▸ **What is required**: Below are entries. Give back exactly the lines from the one containing "Daily 1|堆积感拖地牛仔裤日系复古直筒裤垂感水洗做旧阔腿裤男女" through the one containing "我的设置如下。每个单词都3次", inclusive, without the pictures.

▸ **Data supplied**:
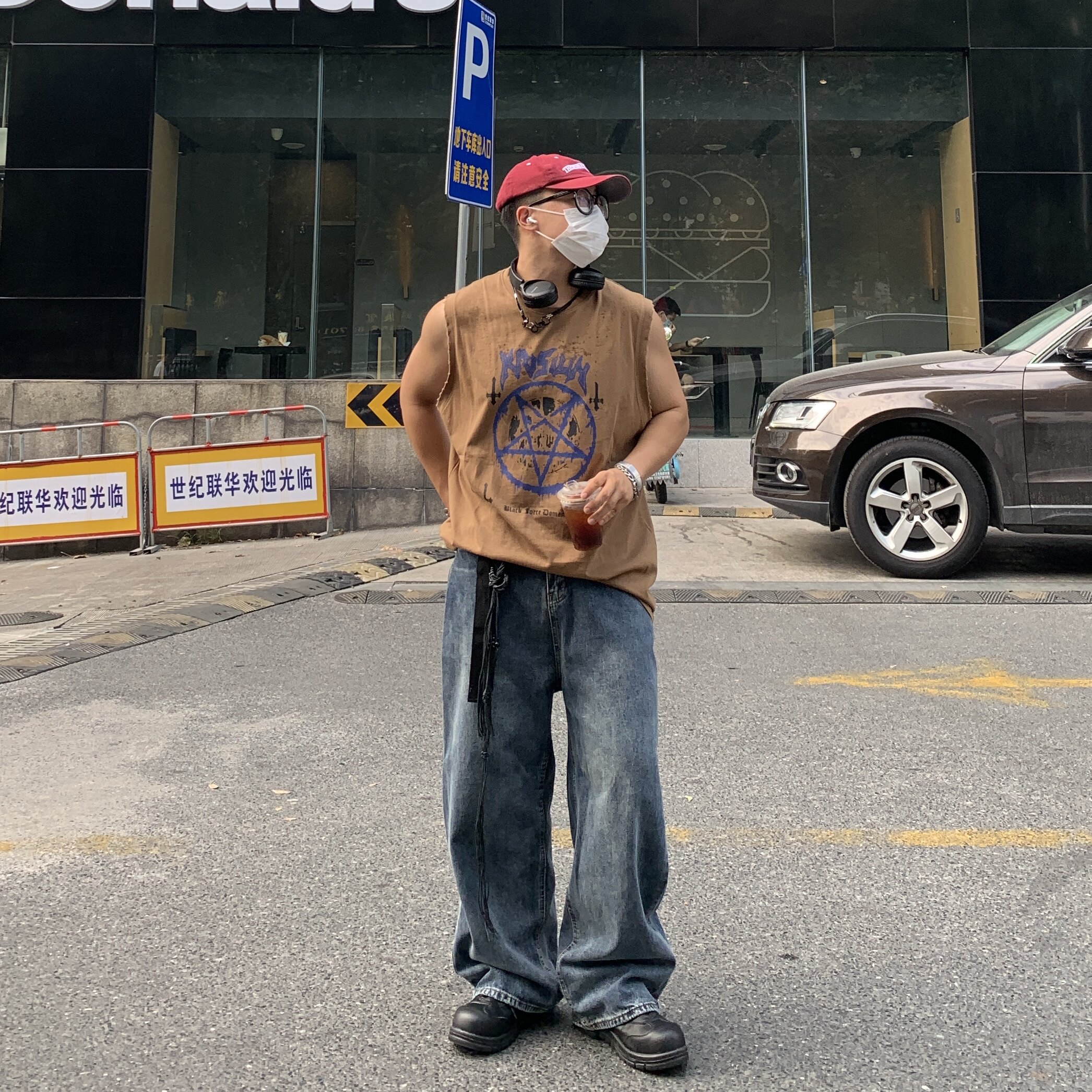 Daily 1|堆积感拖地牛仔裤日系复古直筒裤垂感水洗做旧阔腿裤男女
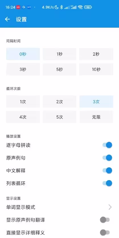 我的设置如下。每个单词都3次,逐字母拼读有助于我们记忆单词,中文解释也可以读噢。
* * *
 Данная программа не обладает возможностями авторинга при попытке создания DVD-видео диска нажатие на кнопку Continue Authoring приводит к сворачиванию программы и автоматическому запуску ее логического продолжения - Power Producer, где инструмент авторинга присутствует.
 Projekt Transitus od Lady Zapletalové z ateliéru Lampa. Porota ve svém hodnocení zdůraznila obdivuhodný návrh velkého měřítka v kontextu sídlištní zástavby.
==
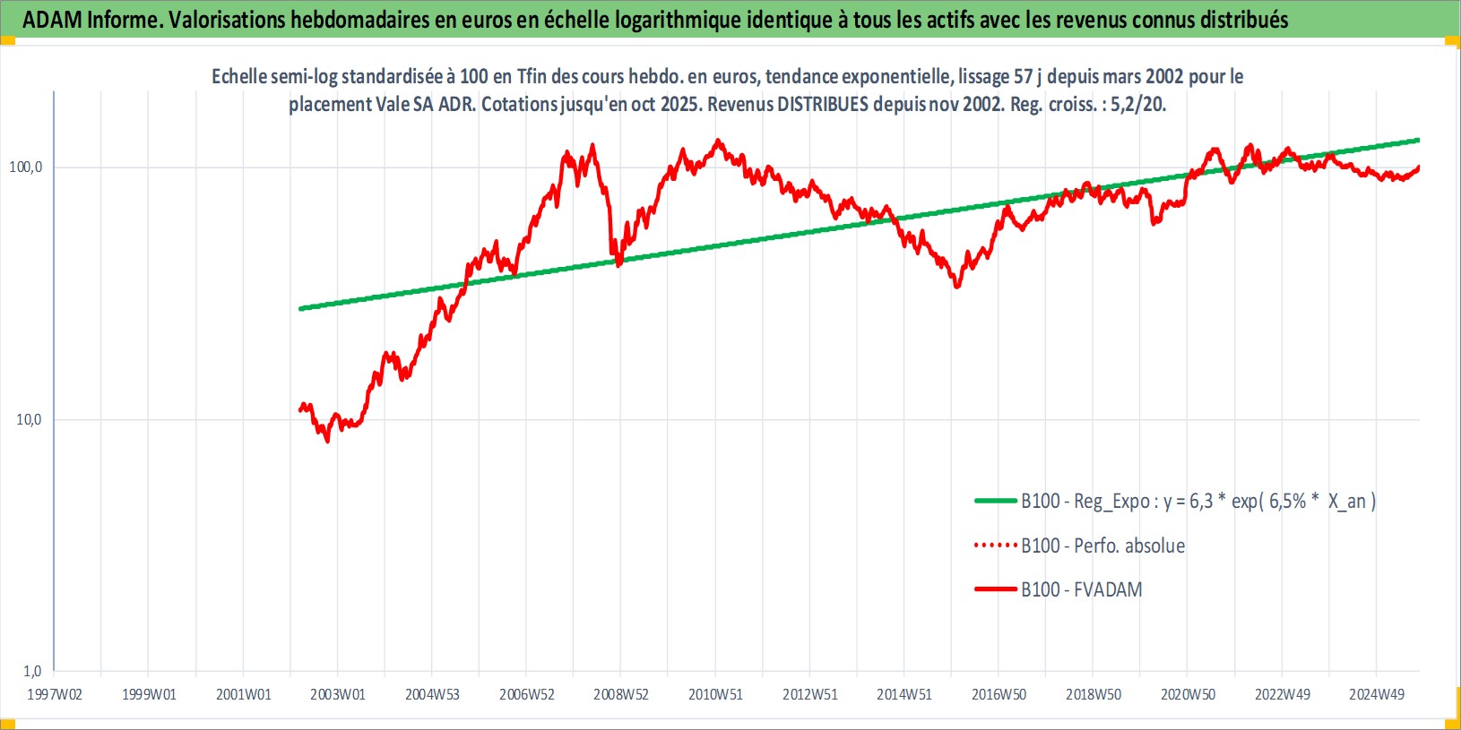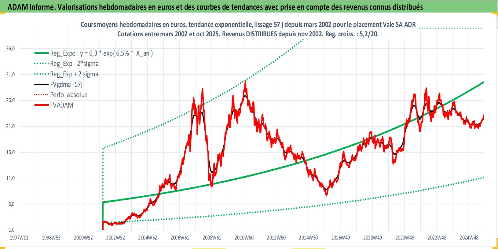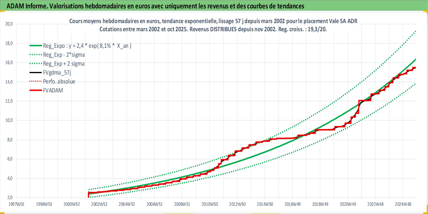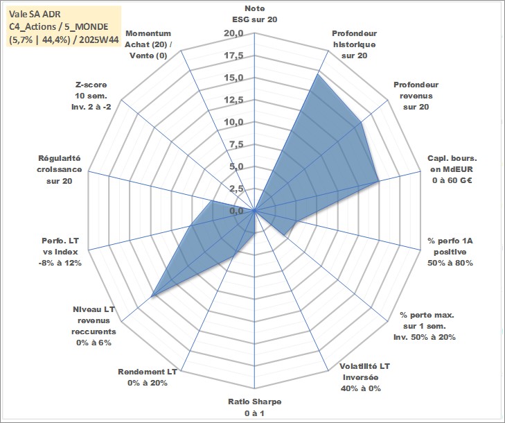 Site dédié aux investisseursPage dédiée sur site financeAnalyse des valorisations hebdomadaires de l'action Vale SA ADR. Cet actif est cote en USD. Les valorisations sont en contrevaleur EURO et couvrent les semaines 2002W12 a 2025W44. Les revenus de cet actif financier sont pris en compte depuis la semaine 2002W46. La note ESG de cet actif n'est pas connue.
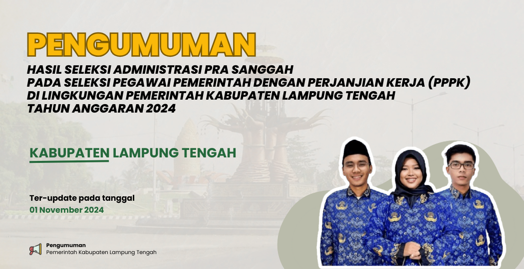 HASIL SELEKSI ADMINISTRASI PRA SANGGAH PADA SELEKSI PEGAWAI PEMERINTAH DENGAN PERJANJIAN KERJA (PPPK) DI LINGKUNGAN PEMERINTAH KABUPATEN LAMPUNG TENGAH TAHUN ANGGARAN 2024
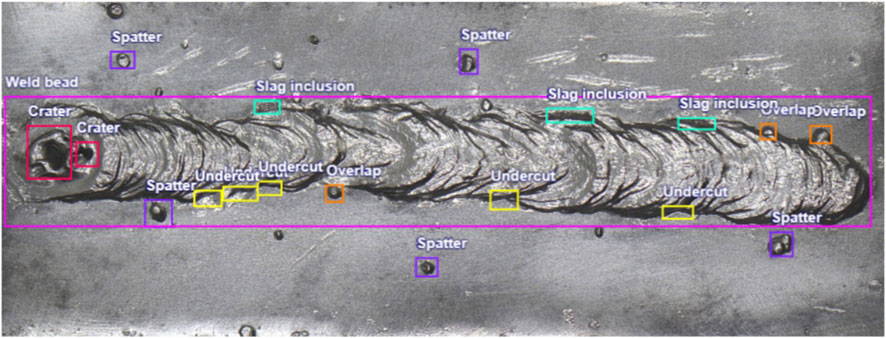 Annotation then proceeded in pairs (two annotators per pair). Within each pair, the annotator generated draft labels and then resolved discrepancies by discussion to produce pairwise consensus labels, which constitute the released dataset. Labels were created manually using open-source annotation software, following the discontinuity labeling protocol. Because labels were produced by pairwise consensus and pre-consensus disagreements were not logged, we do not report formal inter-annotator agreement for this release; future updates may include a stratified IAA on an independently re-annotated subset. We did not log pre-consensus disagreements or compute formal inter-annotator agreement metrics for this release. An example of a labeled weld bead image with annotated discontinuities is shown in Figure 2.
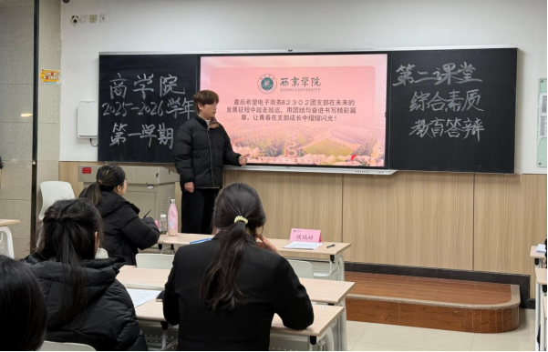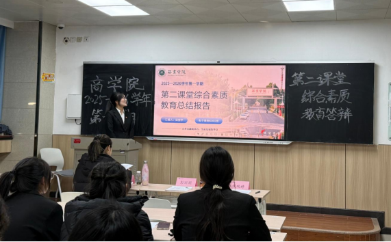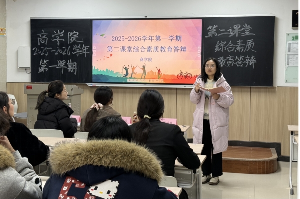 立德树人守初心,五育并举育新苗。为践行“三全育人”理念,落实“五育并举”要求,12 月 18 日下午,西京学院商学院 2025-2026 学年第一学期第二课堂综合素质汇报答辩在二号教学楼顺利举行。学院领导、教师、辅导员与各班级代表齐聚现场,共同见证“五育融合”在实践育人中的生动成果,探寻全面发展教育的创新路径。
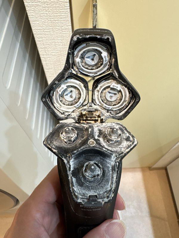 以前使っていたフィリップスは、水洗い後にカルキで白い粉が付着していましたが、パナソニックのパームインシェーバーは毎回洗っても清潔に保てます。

▸ **Exercise answer**:
 Daily 1|堆积感拖地牛仔裤日系复古直筒裤垂感水洗做旧阔腿裤男女
 我的设置如下。每个单词都3次,逐字母拼读有助于我们记忆单词,中文解释也可以读噢。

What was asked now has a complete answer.